A pulsão está fora do aparato, é um conceito limite, cujas articulações se articulam em uma fantasia
sexual inconsciente. O trauma é o efeito retroativo da sexualidade infantil resignificada. Expressão
do desejo reprimido, a compulsão de repetição também é uma compulsão de representação. O tripé
"neurose infantil – psiconeurose de transferência – neurose de transferência" articula o campo
clínico. As formações do inconsciente em geral, e em particular o sonho e seu relato constituem uma
via regia da análise, graças à compatibilidade entre representação de coisa e representação de
palabra articuladas transferencialmente na associação livre. Com tudo isso, o processo se cencebe
em outro tripé fundamental : enquadre/sonho/interpretação.

O modelo do ato está mais ligado à segunda tópica, à substituição do Inconsciente pelo Isso (por
ele as pulsões passam a estar dentro do aparato). Nele a representação é um resultado possível,
mas não um dado de partida. Parte-se da moção pulsional do Isso : esta poderá ligar-se, dando
lugar à representação, ou desligar-se esvaziando o aparato. Assim ocorrem falhas na ligação da
moção pulsional com a representação de coisa e de palabra.
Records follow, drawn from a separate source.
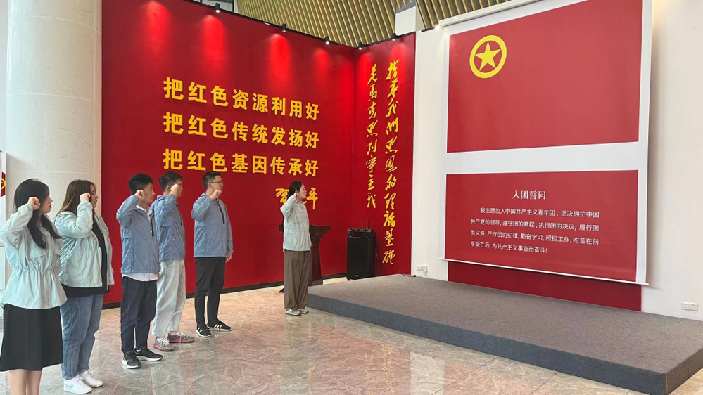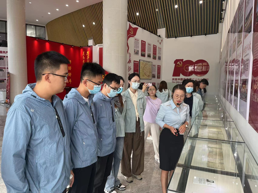 一進入黨史文化公園,大家都被這里的“紅色文化”氛圍吸引了,在公園內(nèi)的兩座先烈銅塑,展現(xiàn)了革命烈士為新中國成立拋頭顱、灑熱血的戰(zhàn)斗畫面。全體青年職工懷著崇敬的心情,參觀了黨史文化公園初心館,追尋紅色足跡,瞻仰革命先烈的事跡圖片和歷史實物,通過講解員的講解和游覽紅色VR數(shù)字展館,回顧黨史、長征史、共青團史,瞻仰了革命先烈為共產(chǎn)主義事業(yè)奮斗終身的堅定決心,并在此紅色革命圣地重溫了入團誓詞,傳承偉大革命精神。
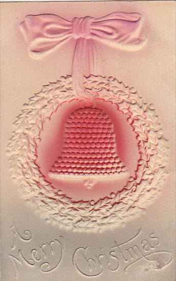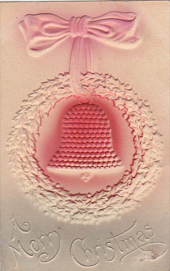 Embossed Merry Christmas Red Bell In Wreath 1907
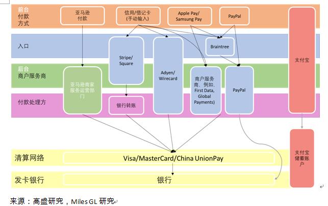 比如支付宝,就已经纵向从商户的支付入口、商户服务商、卡网络、发卡银行直到用户的电子钱包全部打通。在美国,最相似的就是PayPal/Braintree的组合,虽然不能绕过发卡银行,但是还是打通了大部分的层级。
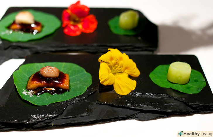 - Додайте пелюстки і листя настурції в масла, приправи або оцет.дрібно їх рубайте, перш ніж додавати. Для прикладу подивіться статтю»Як готувати оцет з квітками настурції".
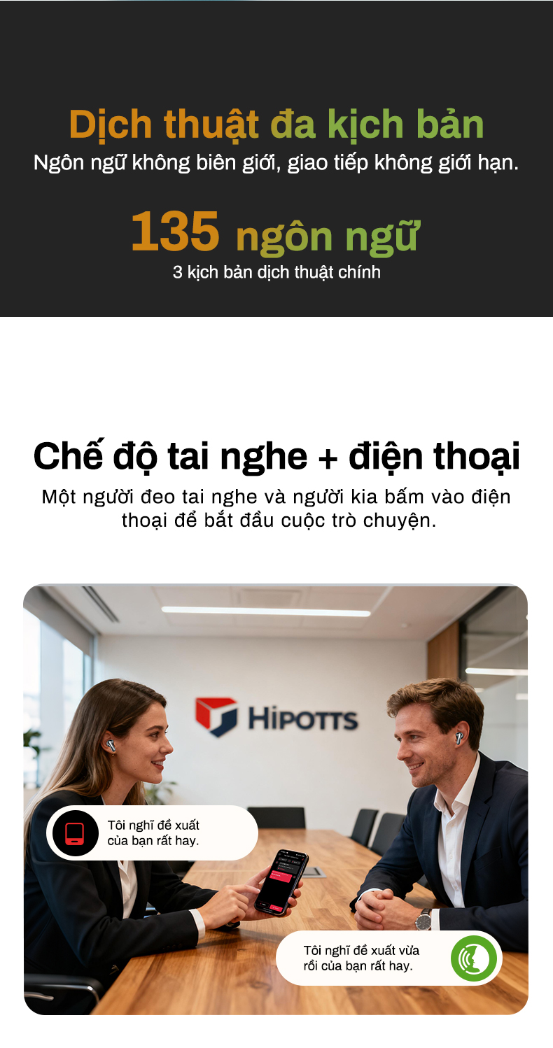 Công nghệ phiên dịch song ngữ đồng thời, cho phép giao tiếp xuyên biên giới trôi chảy và tự nhiên như sử dụng ngôn ngữ mẹ đẻ.
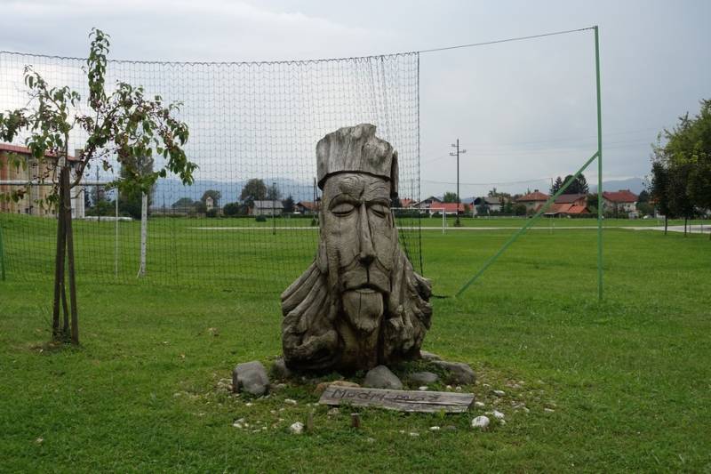 Langs de route staan een aantal leuke houtsnijwerken. We kwamen door kleine dorpjes die allemaal wel een mooie kerk hebben. In een dorpje zijn we naar de touristeninfo gegaan en daar kregen we fietskaarten mee. De mevrouw vertelde dat er in de buurt mooie grotten zijn dus zijn we daarheen gefietst.
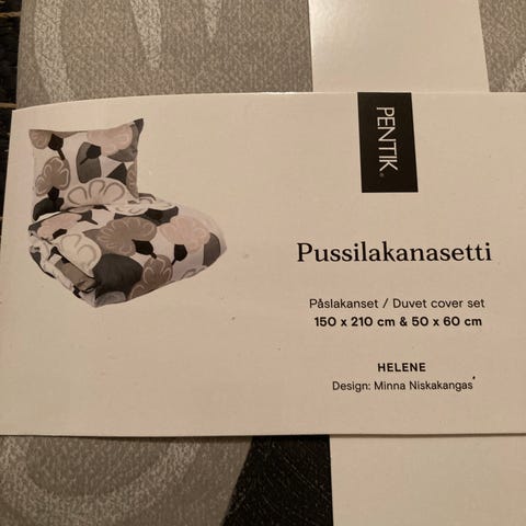 Pentik Harmonia tuplapussilakana 240x220 ja kaksi tyynyliinaa.

O trauma muda de signo ou se
desdobra : ao excesso debe-se somar a carência, as faltas graves do objeto primário, que se torna
para o narcisismo do sujeito um objeto-trauma. A compulsão de repetição mortífera ocupa o lugar da
realização de desejo como um referente de uma dinâmica pulsional. A representação e o pré-
consciente vêm-se transbordar por um funcionamento evacuativo, projetivo, dessimbolizante. O
irrepresentável irrompe no cenário analítico invadindo a associação livre e a atenção flutuante. O
super-investimento da percepção funciona como contra-investimento contra a representação. A
interpretação do conflito intrapsíquico deverá dar prioridade e articular-se com um trabalho de
diálogo analítico, centrado no inter-subjetivo, segundo uma dinâmica que o aproxima do modelo do
jogo. A aposta passa a ser a interiorização na atualidade da sessão3. Definitivamente, o enquadre
não pode ser usado como espaço potencial para sustentar e desdobrar a representação dos
conflitos subjetivos. A constituição de um espaço, uma relação e um objeto analítico dependerão –
ao menos durante um bom tempo – do enquadre interno do analista. Então o processo analítico
(com dispositivo clássico ou em face a face) será organizado segundo o tripé enquadre
interno/ato/interiorização.

3 Um dos caminhos é a construção pela comunicação analítica de um pré-consciente


dialógico (Urribarri, 1998) como rede figurativa verbal em que poderá sustentar-se o
funcionamento representativo do paciente.